1. Field of the Invention

The present invention generally relates to protection systems for computer hard disk drives in portable computers and, more particularly, to, a reflexive system for parking the heads of a hard disk and, optionally, stopping the spinning of the magnetic media platters in the event the computer is dropped.

2. Description of the Prior Art

Portable personal computers (PCs) have become more and more popular. Part of this popularity is due to providing portable computer with much the same power and features of desk top workstations. Among these features are hard disks which are now quite common in portable computers.

Portable computers are subject to forms of failure which are not a problem for desk top workstations. They can run out of power and they can be dropped. While this latter jeopardy is a threat to every component in the system, it is the hard disk drive which has the lowest threshold of failure in the event the computer is dropped. This component is so vulnerable to shock because it is dependent on the maintenance of a very small gap between the drive heads and the disk platters. The size of this gap is a key factor in the quantity of data which can be stored on the disk. In general, the smaller the gap, the more the data which can be stored. Thus, small, and hence vulnerable, gap dimensions are the rule for hard disks. The technology routinely used to obtain small gap height is aerodynamic. The head is literally flown over the platter surface to place the heads as close to the platters as possible without allowing contact. If the head were to contact the platter, the result could be both the destrucuon of the head and the removal of magnetic material (and hence data) from the platter.

Disk manufacturers recognize this hazard and attempt to address it by shock mounting their drives, by publishing the G-force limits their drives can tolerate, and by providing a position in which the heads may be "parked" in which the drive can tolerate accelerations which are far greater than are tolerable when the heads are "loaded".

The prior an addresses two kinds of events which may destroy the data integrity or hardware integrity of a hard disk. One of these event types is electrical power failure. This problem is addressed, for example, in U.S. Pat. No. 4,786,995 to Stupeck et al., U.S. Pat. No. 4,831,469 to Hanson et al., and U.S. Pat. No. 4,866,554 to Stupeck et al. In each of these patents, the energy stored in the motion of the disk heads is tapped by using the disk spindle motor as a generator. The power derived from this source is used to retract the disk head. Electromagnetic braking of the spindle is also contemplated. Provisions are made by one invention to shut down in the event of other voltage faults beside that of power failure.

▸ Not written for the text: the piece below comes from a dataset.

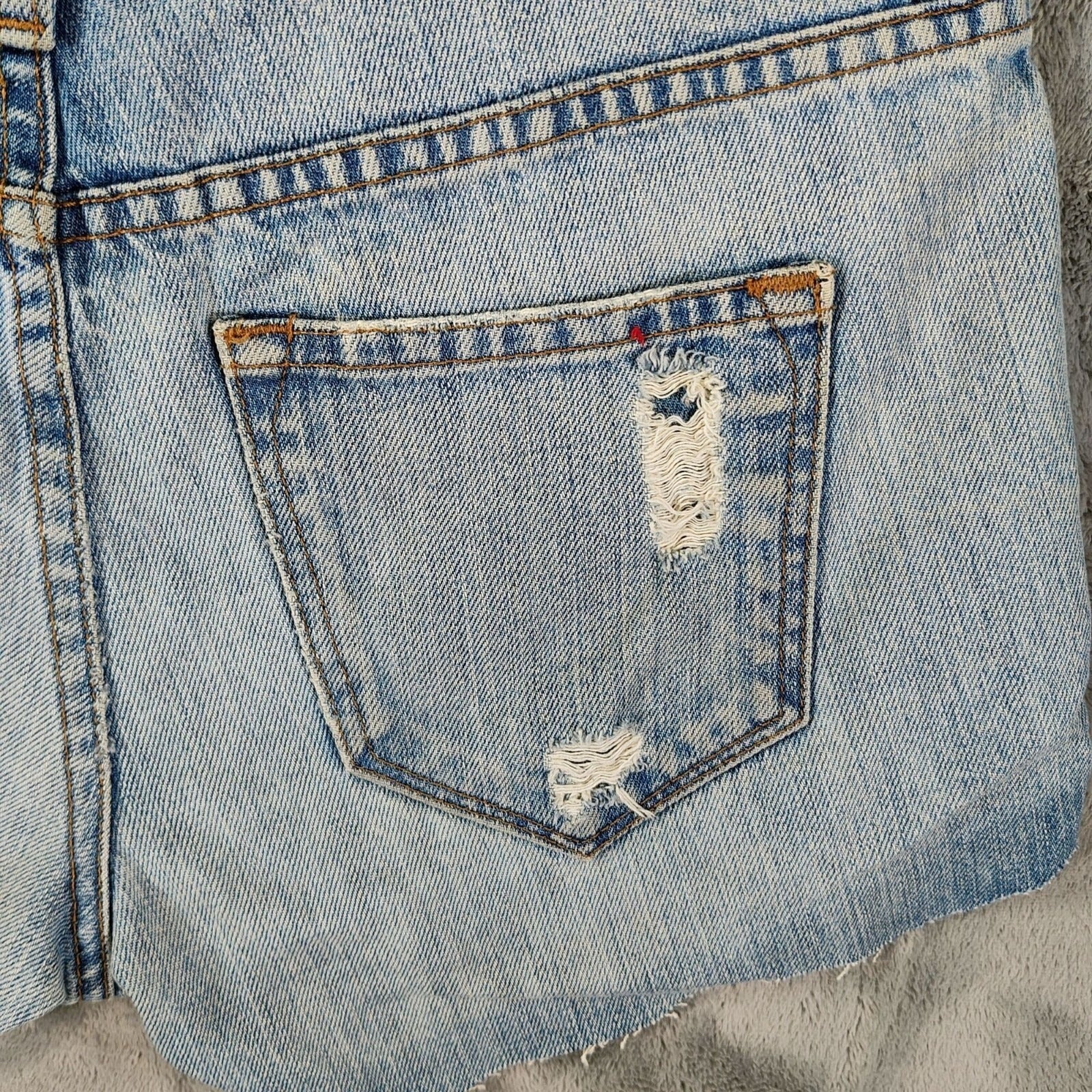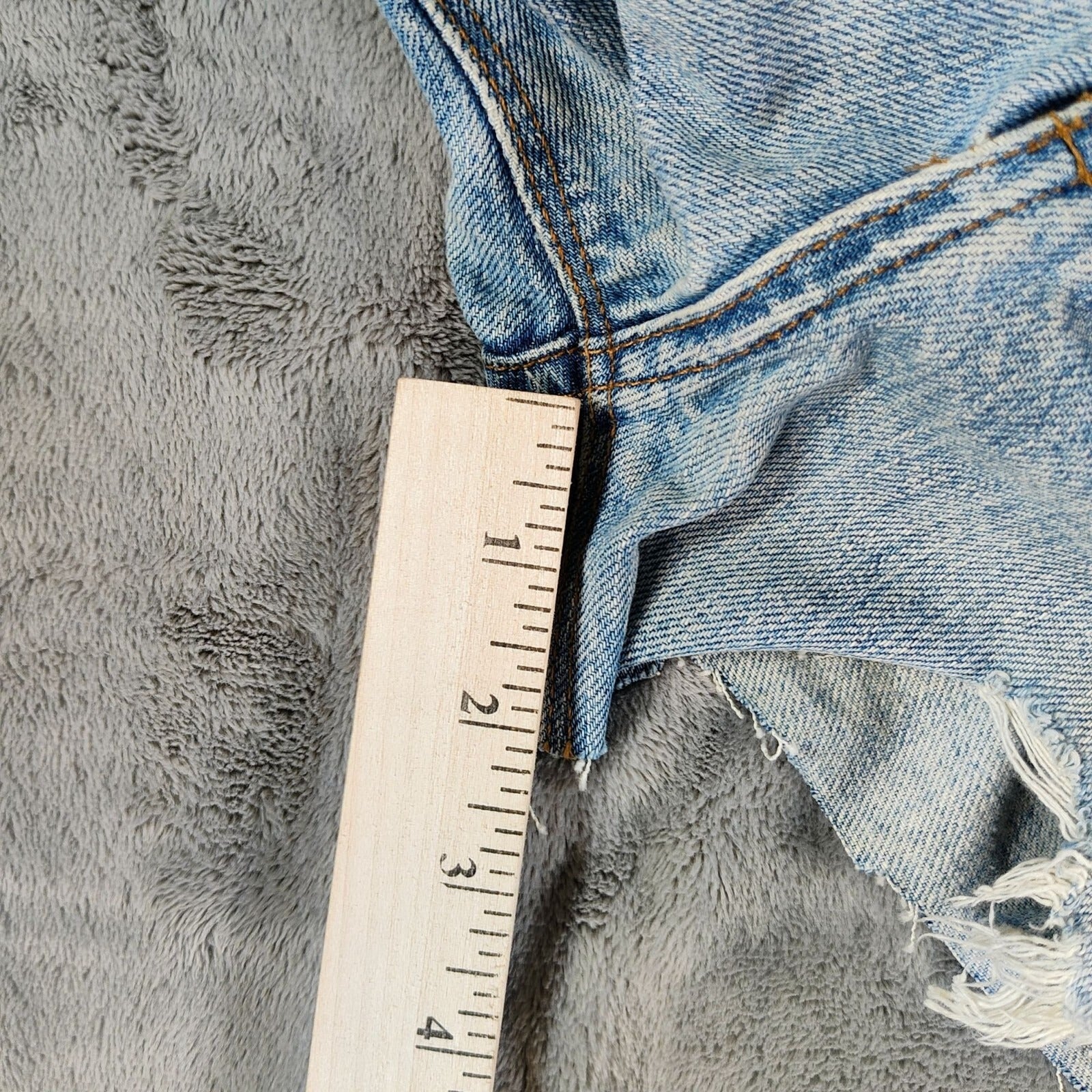 Condition Notes: Good DIY condition. DIY cutoffs with frayed hems and uneven seams. Intentional distressing throughout. Especially high distressed hole on back near waistline. See photos.

The second event type is physical or mechanical impact. In U.S. Pat. No. 4,040,103 to White, an accelerometer is used to detect the magnitude and direction of a shock so that the hard disk head flying height can be adjusted. This adjustment is possible because the accelerometer is mounted on the disk driver frame while the drive itself is mounted to that frame by shock absorbers. The time delay for shock transmission supplied by the shock absorbers allows the flying height correction to be calculated prior to the shock arriving at the disk head.

In U.S. Pat. No. 4,862,298 to Genheimer et al., impact detection is used to generate a write-fault signal to the computing system. This signal is used to prevent data destruction by off-track writes and to cause head retraction in the event of severe impacts. This device relies on the fact that the read and write operations on disk drives involve sectors of significant extent so that if an impact is detected, it is very likely that it will occur in the course of a sector operation rather than at its very end. The system is thus expected to have the time required to abort the read or write operation without storing or retrieving corrupted data.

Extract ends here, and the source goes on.